Thomas J. (Tom) Schriber (born Oct. 28. 1935) is an American academic, and Professor of Technology and Operations at the Ross School of Business. He is particularly known for his work on "Simulation using General Purpose Simulation System (GPSS)."

Biography 
Born in Flint, Michigan, Schriber obtained his MS at the University of Notre Dame in 1957, and then moved to the University of Michigan, where he obtained in MSE in 1958, his MA in 1959, and his PhD in 1964.

Schriber started his academic career at the Eastern Michigan University in 1963 as Assistant Professor and also became Director of its Academic Computer Center. In 1966 he moved to the University of Michigan, where he was appointed Assistant Professor. In 1969 he became Associate Professor, in 1972 Professor of Business Information Technology. He was Visiting Scholar at the Stanford University in 1972-73, at the Swiss Federal Technical University in 1995, and at the National University of Singapore in 1995.

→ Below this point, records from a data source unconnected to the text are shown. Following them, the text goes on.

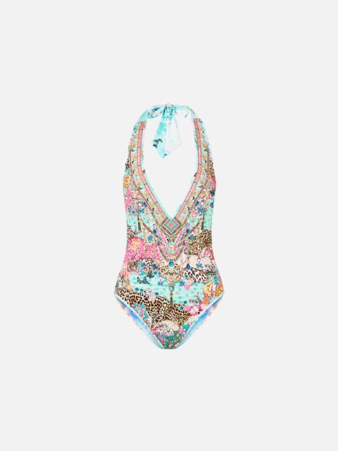 The Feline Folklore Continuous Underwire One Piece With Keyhole is a handcrafted silhouette designed by our in house artisans. Reimagined in an exclusive limited edition print, this one piece is made with D cups in mind with underwire support and adjustable straps for versatility. It features a keyhole at the centre of the bust and is finished with intricately placed crystal embellishments for luminous detail. - Fits D Cup - Soft Cups - Underwire Support - Adjustable Straps - Keyhole At Centre Front - Crystal Embellishment SKU 00039396-FELIFOLK-XS Size and Fit Our model is 5'10 (178cm) tall and wears a size S (AU 10). Bust: 40in (101.6cm) Waist: 26.5in (67cm) Hips: 38in (96.5cm) Fabric and Care MAIN: 80% REGENERATED POLYAMIDE, 20% ELASTANE
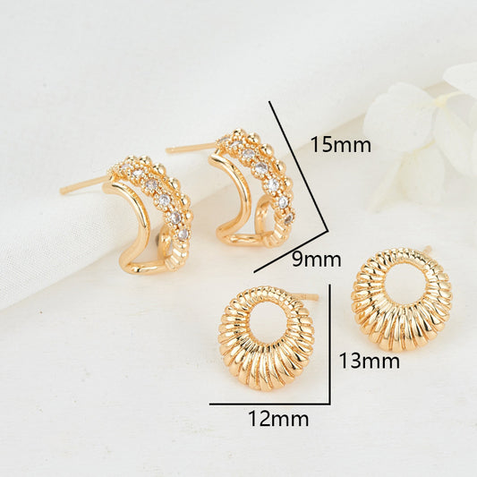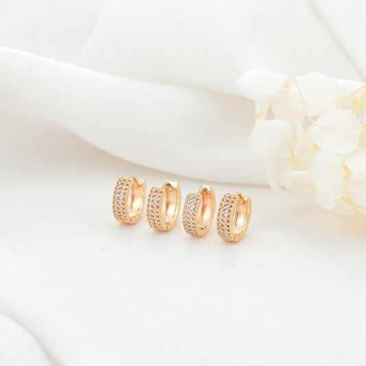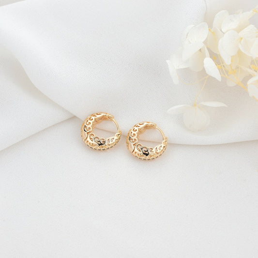 4 Hollow Circle Hoop Earring Rhinestone Embellished 14K GF Earing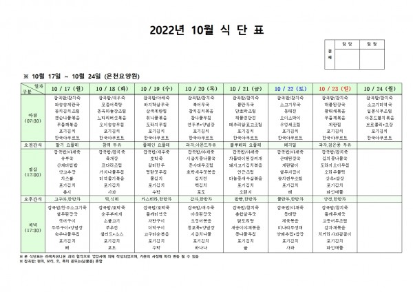 10월 셋째주 식단표 페이지 정보 작성자 은천노인복지회 작성일22-10-13 17:30 조회95,256회 댓글0건 관련링크 이전글 다음글 목록 답변 본문 . 이전글 다음글 목록 답변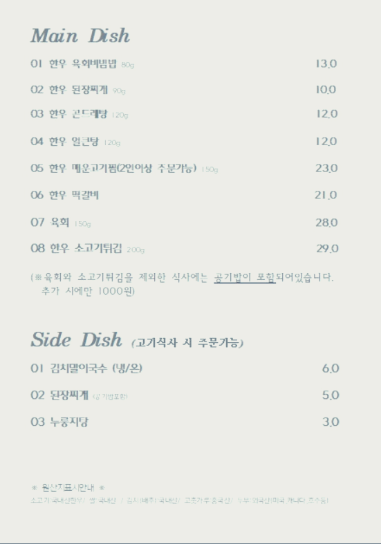 맛있는 한우를 먹고 싶을때 가기에 좋은 식당인것 같습니다.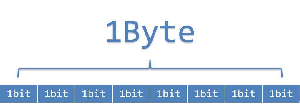 —— 字节,Byte,B。如下图所示,为字节和比特之间的关系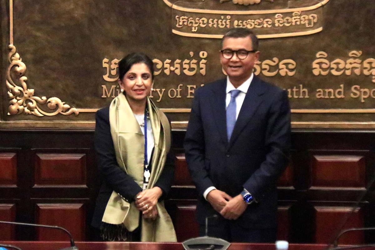លោកជំទាវ Yasmin Siddiqi នាយិកាប្រចាំប្រទេសថ្មី នៃធនាគារអភិវឌ្ឍន៍អាស៊ី (ADB) ប្រចាំកម្ពុជា បានបង្ហាញចំណាប់អារម្មណ៍ក្នុងការឈ្វេងយល់បន្ថែមអំពីបេសកកម្មអាទិភាពថ្មីៗ របស់ក្រសួងអប់រំ យុវជន និងកីឡា សម្រាប់ឆ្នាំ២០២៦ ខាងមុខនេះ។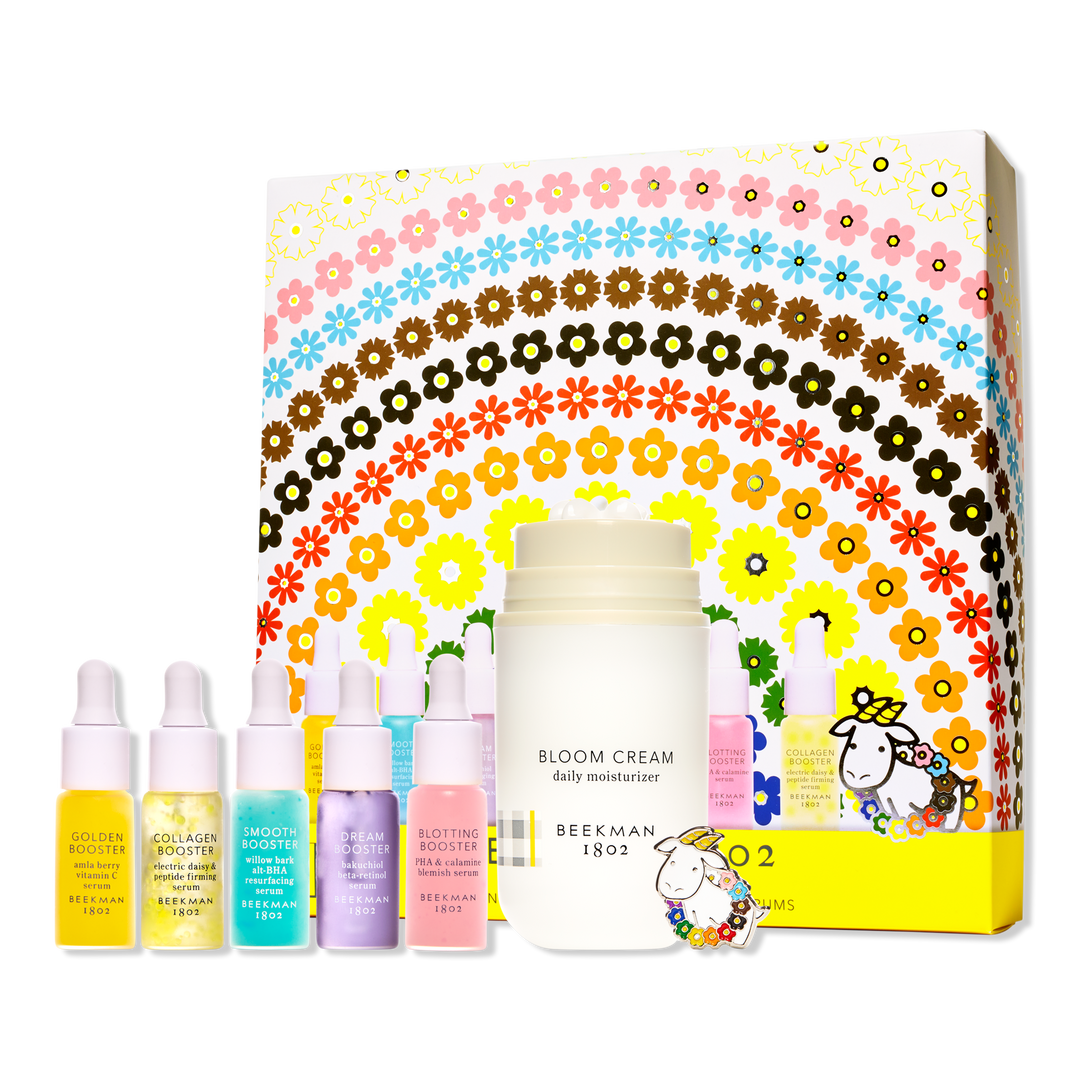 Beekman 1802's Bloom with Pride Skincare Set features their bestselling Bloom Cream, plus a rainbow of booster serums that each target a unique skin concern.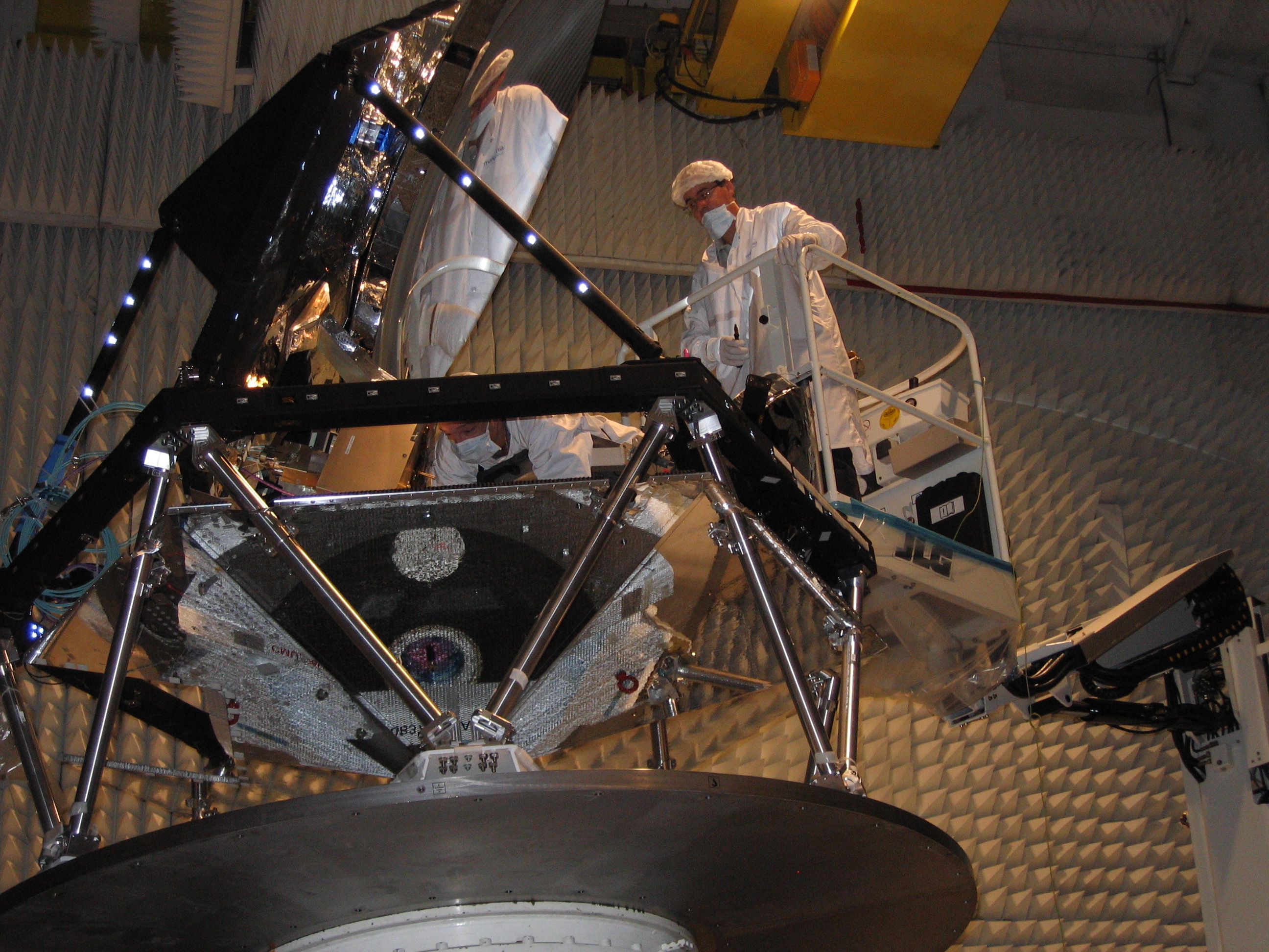 Two members of the Thales team changing a shim behind the RF test horn in the focal plane of the Radio Frequency Qualification Model (RFQM) of the Planck telescope.

Schriber was awarded by INFORMS the Simulation Society’s Distinguished Service Award, and its Lifetime Professional Achievement Award.

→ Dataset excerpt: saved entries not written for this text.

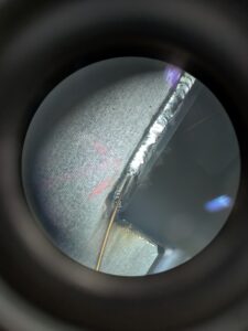 顕微鏡を覗き込み、確認しながら肉盛して行くこともレーザー溶接と同じです。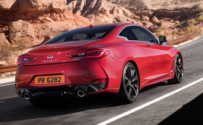 인피니티 Q60 파워트레인은 2.0리터 싱글터보 가솔린 엔진과 3.0리터 트윈터보 가솔린 엔진이 적용된다. 전자 제어식 7단 자동변속기와 조합해 뒷바퀴를 굴린다. 옵션으로 상시 사륜 구동을 선택할 수 있다.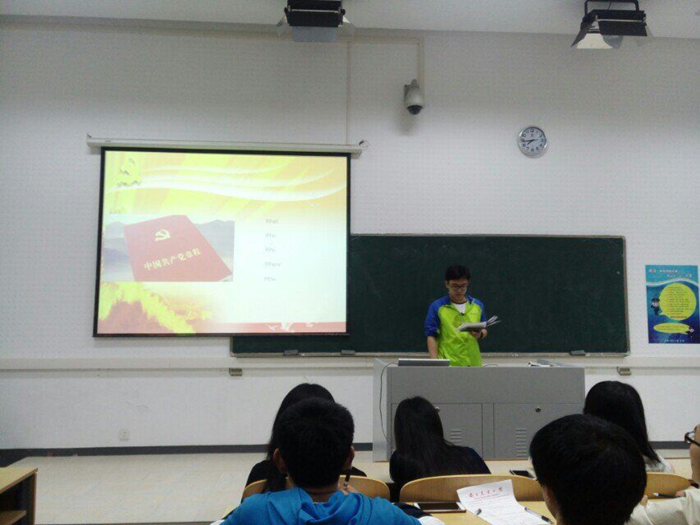 李强、孟旑和余意雯进行了“我看两会”系列汇报,以丰富的角度向大家介绍了两会热点问题,三位同志对环境治理问题、经济新常态和新型城镇化三个主要热点,并进行了详细阐述,及时弥补了大家对于两会认知上的缺陷与不足,做到了理论与现实结合,用符合大学生的人生理想角度对两会问题深入探讨。吴琼珅同志进行了党员论坛前期工作汇报,向大家公布了我支部党员论坛建设上的进展和调查汇报总结,并向大家展示了研究数据和相关结论,内容详实、图文并茂,力求精致。该汇报在一定程度上反映了当代大学生对我国时事政治的关注程度普遍较低,继而针对这种问题得出了当代大学生应该采取知识竞答、辩论赛和调查研究等方式进行时政的学习和关注,同志们表现了对该论坛研究成果的赞同和支持。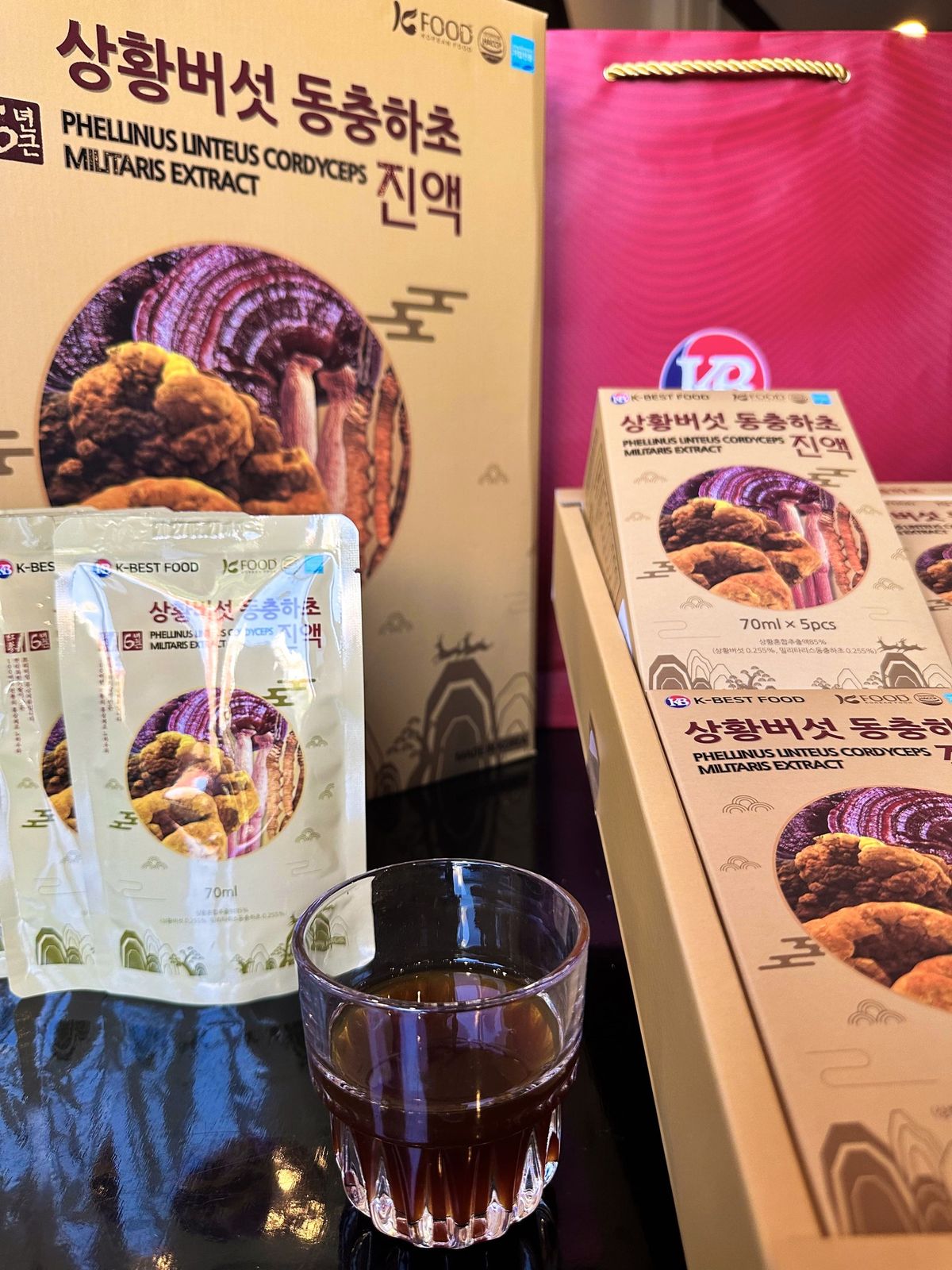 Chiết xuất hỗn hợp nấm thượng hoàng 85% (nấm linh chi, nấm thượng hoàng, đông trùng hạ thảo Militaris, nhân sâm đen, rễ cây bạch chỉ, táo đỏ, nước tinh khiết) trà mật ong, Hồng sâm cô đặc, vitamin C...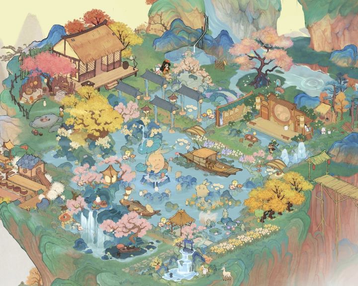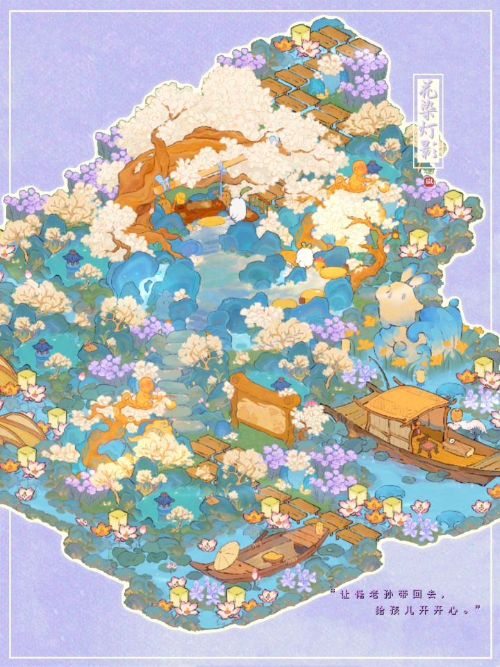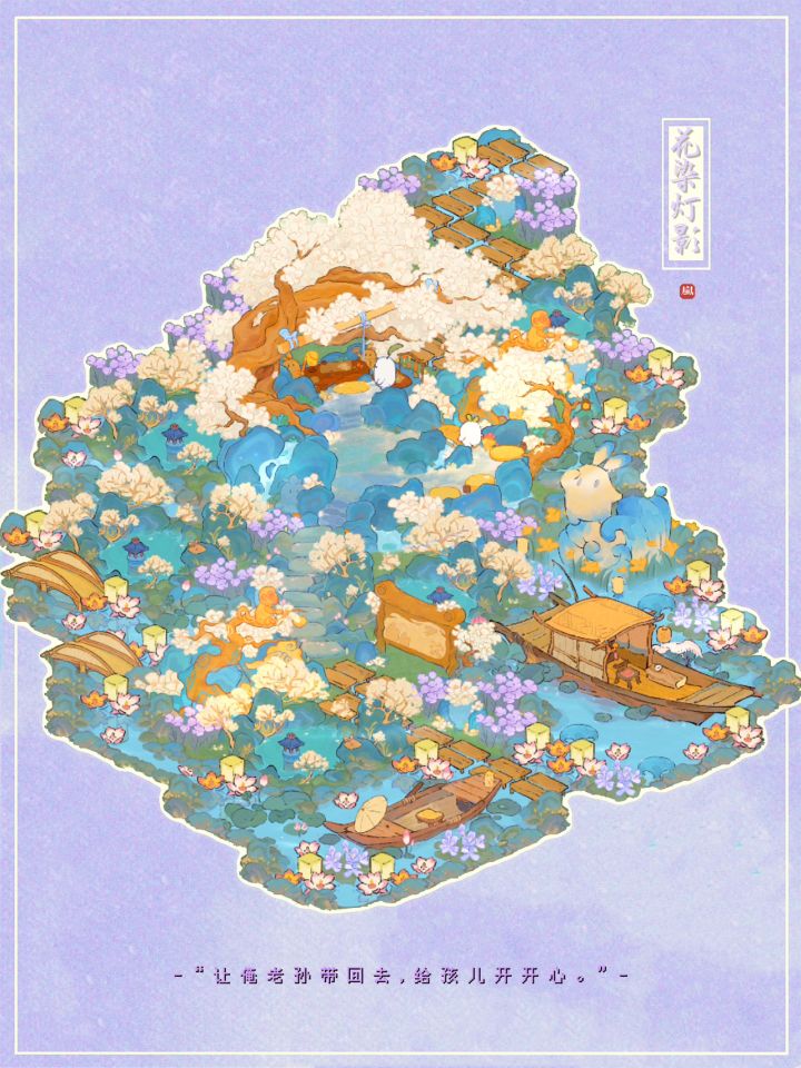 💛【新建筑】花染灯影布局|桃源深处有人家🌸🌸桃源深处有人家|新甲级建筑花染灯影布局✨主要建筑:花染灯影、仙桃招猴、曲径阶、雾凇碧潭、荷花、池萝探宝、溪曲归梦、涟舟轻荷#萝萝古镇攻略征集#桃源深处有人家#桃源深处有人家布局展示#游戏安利#游戏推荐

Schriber lives in Ann Arbor, MI with his wife Ann Schriber. They've been married since 1967 and have three kids: Sarah Schriber of Oak Park, Il, John Schriber of Louisville, KY, and Maria Schriber of Los Angeles, CA.

Work 
Schriber's research interests are in the field of "discrete-event simulation, which is a methodology for building computer-based models of systems and then conducting experiments with the models to make inferences about the behavior of the systems being modeled." According to Schriber (2014)
Simulation encompasses a broad set of activities, including 
 the design and implementation of modeling languages; 
 the verification and validation of models; 
 the visualization of systems through the animation of models; 
 the analysis of input (data) to simulation models; 
 statistical design of experiments; 
 statistical analysis of output; 
 the education of simulation modelers and simulation consumers; and 
 the effective “selling” of simulation results to high-level decision makers. 
Within this broad arena, some of my activities include or have included: the logical foundations of simulation software; the implementation of variance-reduction techniques in the design of models; simulation applications in the design and control of manufacturing and transportation systems; automation of output analysis; automatic model generation; the writing of simulation textbooks; and the use of Web-based tools in simulation education. 
Simulation can be used "to design complex systems that are not amenable to mathematical analysis, such as manufacturing systems, logistics systems, and information systems."

Selected publications 
 Schriber, Thomas J. Fundamentals of flowcharting. (1969).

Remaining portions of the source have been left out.